| Nato | 20 settembre 1703 (Paris) |
| Morto | 30 maggio 1770 (Paris) all'età di 66 anni |
| Nazionalità | Francia |
| Epoche | Rococò |
| Genere | pittura storica, arte religiosa, allegoria, paesaggio, pittura mitologica, pittura di animali, pittura di genere, ritratto, pittura di battaglia |
| Professione | pittore, artista grafico, illustratore, acquafortista, disegnatore, exlibrista, collezionista d'arte, scenografo, calcografo |
| Famiglia | Coniuge: Marie-Jeanne Boucher Figlio o figlia: Marie-Émilie Boucher, Jeanne Elizabeth Victoire Deshays, François, le jeune Boucher |
| Maestro di | François Lemoyne, Jacques-André-Joseph Camelot Aved, Jean-François Cars |
| Allievo | Jean-Baptiste-Henri Deshays, Jean Baptiste Leprince, Jean-Honoré Fragonard, Martin Ferdinand Quadal, Charles Michel-Ange Challe, Jean-Baptiste-Pierre Le Brun, Nicolas-Guy Brenet, François Aujollest-Pagès |
| Influenzato da | Charles André van Loo |
| Appartenenze | Académie royale de peinture et de sculpture |
| Opere note | »Diana im Bade - Diana nach dem Bade« (1742), Odaliske (1740), Madame de Pompadour (1759), Geburt der Venus (1754), Madame de Pompadour (1756) |
| Musei | Metropolitan Museum of Art, Art Institute of Chicago, National Gallery of Art, Staatliche Museen zu Berlin, Nationalmuseum Schweden |
È nato con questo talento dal padre Nicolas Boucher, disegnatore di mobili e decorazioni. Le opere di Francois Boucher coprono quasi tutti i generi. Oltre alla pittura, si è dedicato al disegno, all'acquaforte e all'incisione su rame, oltre che a lavori in campo decorativo.
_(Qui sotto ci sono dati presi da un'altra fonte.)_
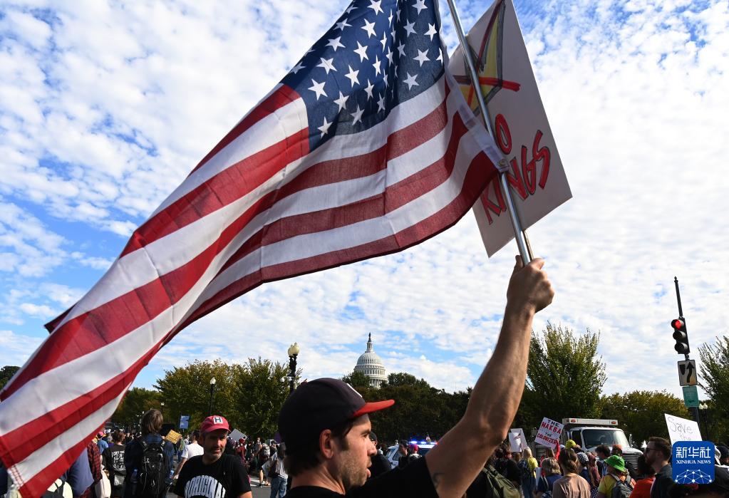 10月18日,在美國(guó)華盛頓,人們參加示威游行活動(dòng)。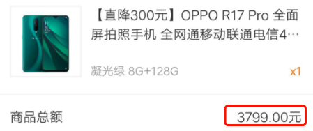 值得一提的是,如果不选择分期,白拿商城的商品价格比市场价高得多。比如京东售价2699元的手机,加油宝卖3799元,足足贵了1100元。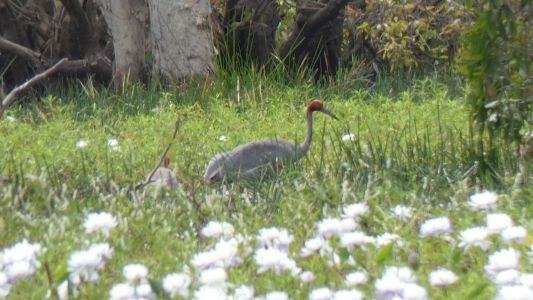 Cranes. Like Brolgas, but they arrived in Australia around 1966 and very much less common than Brolgas. The red stretching down their necks is the only real clue. |

Nelle sue opere si possono trovare raffigurazioni mitologiche a colori forti, dipinti di storia e nature morte, oltre a dipinti sul soffitto e decorazioni murali. Una sua particolare preoccupazione era la rappresentazione di scene erotiche, come dimostra il dipinto "Ruhendes Mädchen" (1751). Al momento della creazione di quest'opera, Boucher lavorava già come pittore alla corte di Luigi XV ed era considerato uno dei beniamini dell'amante del re, la marchesa di Pompadour.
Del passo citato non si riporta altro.